Cualquier recurso no va de sobra, si se trata de dominar la sordera del escenario, elemental para hacer posible el diálogo entre secciones; pero también para dar el suficiente peso reglamentario a cada nota y por añadidura, a toda expresión suscrita de corcheas y de negras. El paso del Scherzo, tercer movimiento, pudo completarse de mejor factura, quizá debiéndose al capricho que le implica, pero el movimiento final –Allegro con brío- fue recreación de cancanes o vodeviles -como si de Offenbach se tratase-, procesionando algo bien distinto al hijo de Bonn. Una interpretación de trámite, es quizá la causa única de haberla propuesto telonera de Mussorgsky, cuya obra sería merecedora de más respeto.

Entre los temas de la suite más célebre de un miembro de “Los Cinco” compositores nacionalistas rusos, destaca reiteradamente y con agraciadas transformaciones, “El Paso” (Promenade), que representa la distinguida caminata entre cuadro y cuadro, tras atender a sus detalles. En esta ocasión, la sonoridad estaba garantizada y florecida de metales y otros sonidos exigidos en partitura.
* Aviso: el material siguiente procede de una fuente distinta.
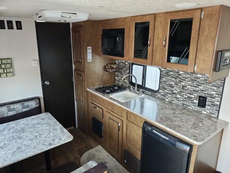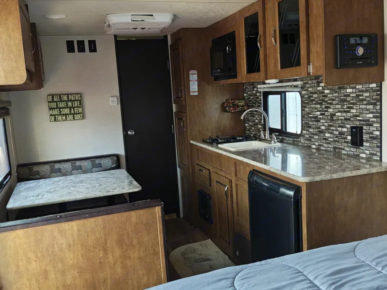 Meet Sparrow! Affectionately named for being our smallest camper in the fleet. But don't let that fool you. There is a very ample amount of room inside for a romantic getaway weekend for a couple or a dinette bed for an extra kiddo or two. This camper is very lightweight and tows like a dream. It has a nice size, full bathroom, plenty of storage and a very comfy upgraded queen size memory foam mattress. With an electric jack and an electric awning setting it up is a breeze.Cosa è incluso•pillows, blankets, sheets, pillowcases, towels, washcloths
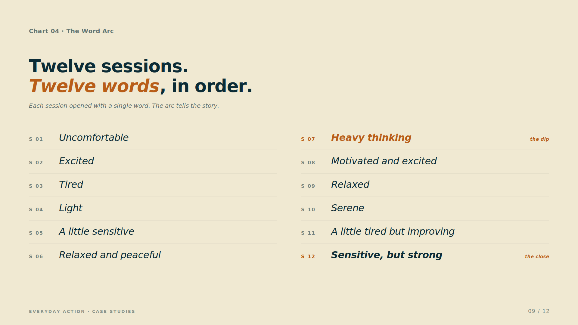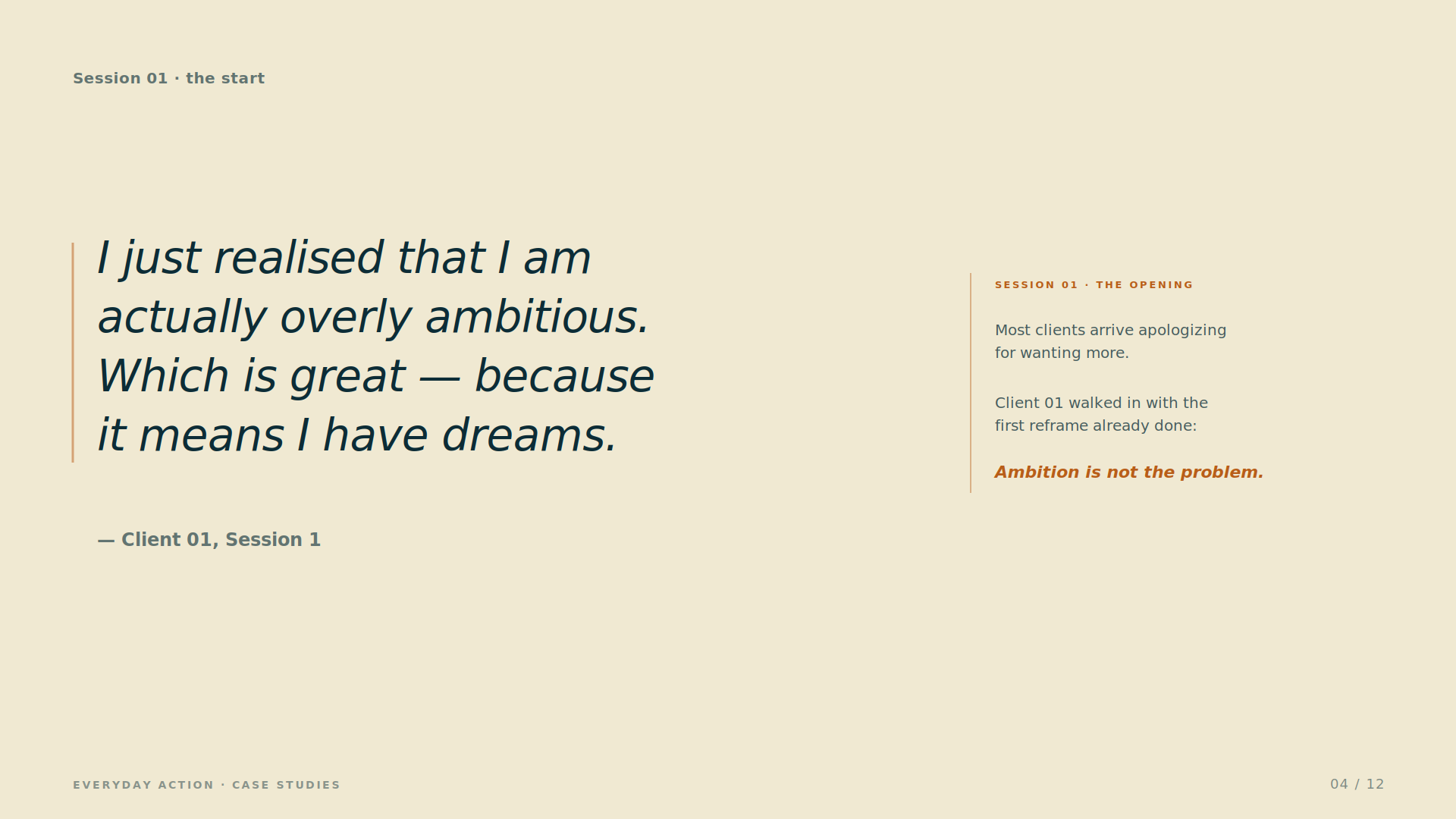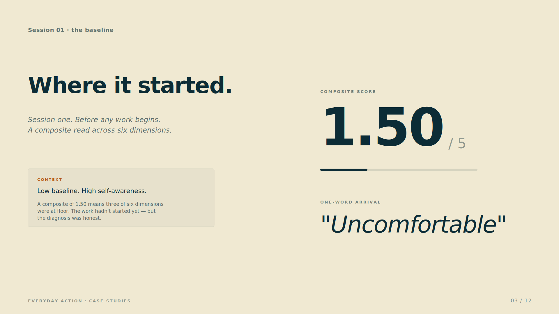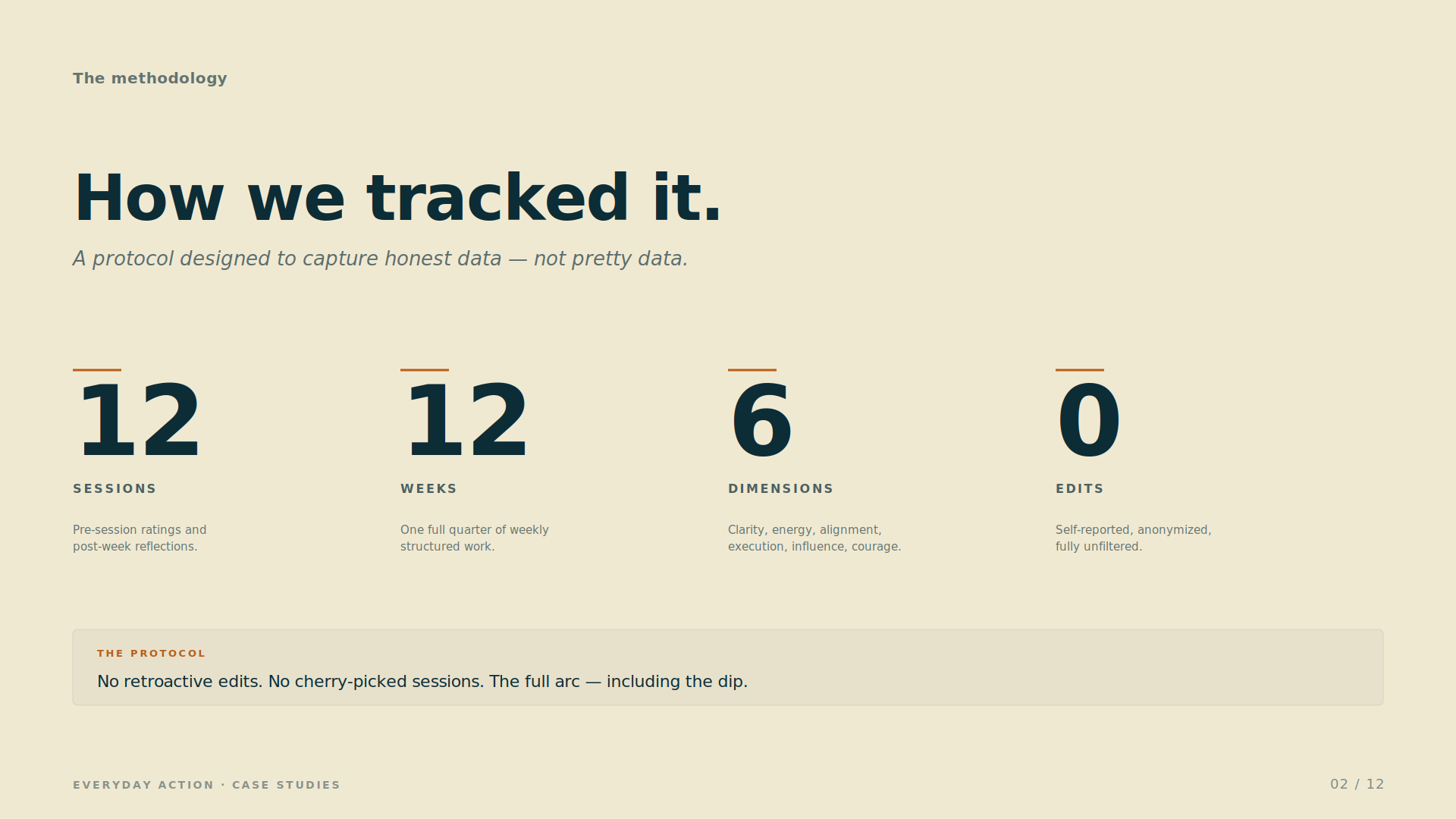 Twelve weeks. One-on-one. Every session builds on the last. Progress tracked across all eight pillars โ assessed at the start, measured at the end. You'll see exactly where you moved and why. Limited spots. Application only.

Aderezos de piano, de xilófono y de arpa, con una fastuosa marcación de percusiones, ejercían la coloración especial, según el cuadro-tema en cuestión, donde “Gnomos” sufrió una dislalia inicial, en la zona grave de cuerdas: descuidada dicción para una de muchas hazañas de solfeo acrobático. Afortunadamente para la gestión de tal enormidad, el incidente fue aislado y rápidamente olvidable. Se estaba pudiendo recrear -ahora sí- una versión llena de precisiones y con sentido de dominio.

Las descripciones sonoras, inspiradas en lo visual, trazan una ficticia exposición de pinturas, como estipula la suite desde su nombre. En ella, las ilustraciones de un viejo castillo, de los álamos en un jardín parisino, niños, mujeres y hasta judíos discutiendo una exigencia que nunca se cumpliría -con una obstinada trompeta contradicha por severos chelos- y todo el bullicio de la cotidianeidad plasmada en cuadros, surtían efecto en la imaginación. Las sonoridades variaban desde la comicidad del “Ballet de los Pollitos en sus Cascarones”, proeza de ingenio, pasando por la exultante “Cabaña con Patas de Gallina” hasta la majestuosa “Gran Puerta de Kiev”, en un acabado finalmente perfecto a manos de la Sinfónica de Yucatán.

Puede haber una buena tarde de toros y otra opuesta por completo. Así la apreciación de este repertorio. La sinfónica consiguió el término medio, tratándose de una sinfonía de Beethoven, a la que pudo arrancar algunos destellos. Logró sobreponerse con un triunfo genuino, por su dedicación al lenguaje más contemporáneo del creador ruso Mussorgsky. De ahí que las dimensiones humanas sean lo que limita la potencia del conjunto, ante la posibilidad de un desempeño más concienzudo según lo debidamente requerido.

En lo subsiguiente, será mejor proyectar cada excursión con el máximo cuidado. Todo va en ascenso -a veces escarpado, a veces sin impedimentos- donde lo más dable será empezar a volar llegados a lo más alto. Habrá qué conservar la energía para ello. Mussorgsky, sin ir más lejos, mereció lo que obtuvo: grandes encomios y la satisfacción en los rostros de la escena, así como en los de butacas. Emocionante, cautivadora desde su versión inicial dispuesta al piano, su orquestación se agradece y con grandes vivas, a Maurice Ravel. ¡Bravo!